DATASET CONTENT:
>>>

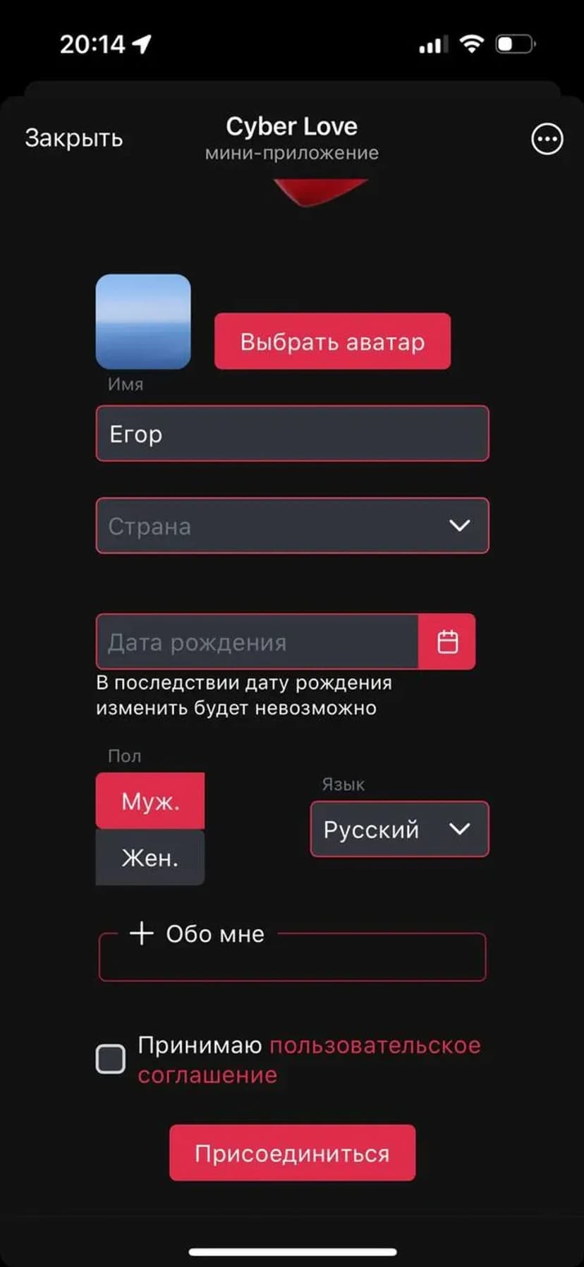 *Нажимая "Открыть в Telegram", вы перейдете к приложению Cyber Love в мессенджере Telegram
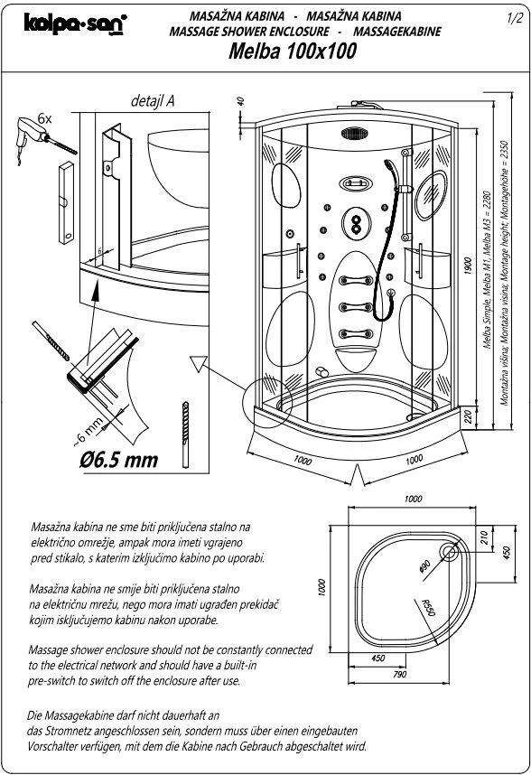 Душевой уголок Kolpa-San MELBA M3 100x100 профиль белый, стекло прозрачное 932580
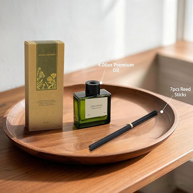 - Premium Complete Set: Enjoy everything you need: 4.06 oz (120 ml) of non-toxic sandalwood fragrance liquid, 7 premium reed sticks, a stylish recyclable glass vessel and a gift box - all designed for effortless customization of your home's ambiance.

<<<

PROBLEM:
Please transcribe the whole listing above exactly, with the images left out.

RESULT OF THIS EXERCISE:
 *Нажимая "Открыть в Telegram", вы перейдете к приложению Cyber Love в мессенджере Telegram
 Душевой уголок Kolpa-San MELBA M3 100x100 профиль белый, стекло прозрачное 932580
 - Premium Complete Set: Enjoy everything you need: 4.06 oz (120 ml) of non-toxic sandalwood fragrance liquid, 7 premium reed sticks, a stylish recyclable glass vessel and a gift box - all designed for effortless customization of your home's ambiance.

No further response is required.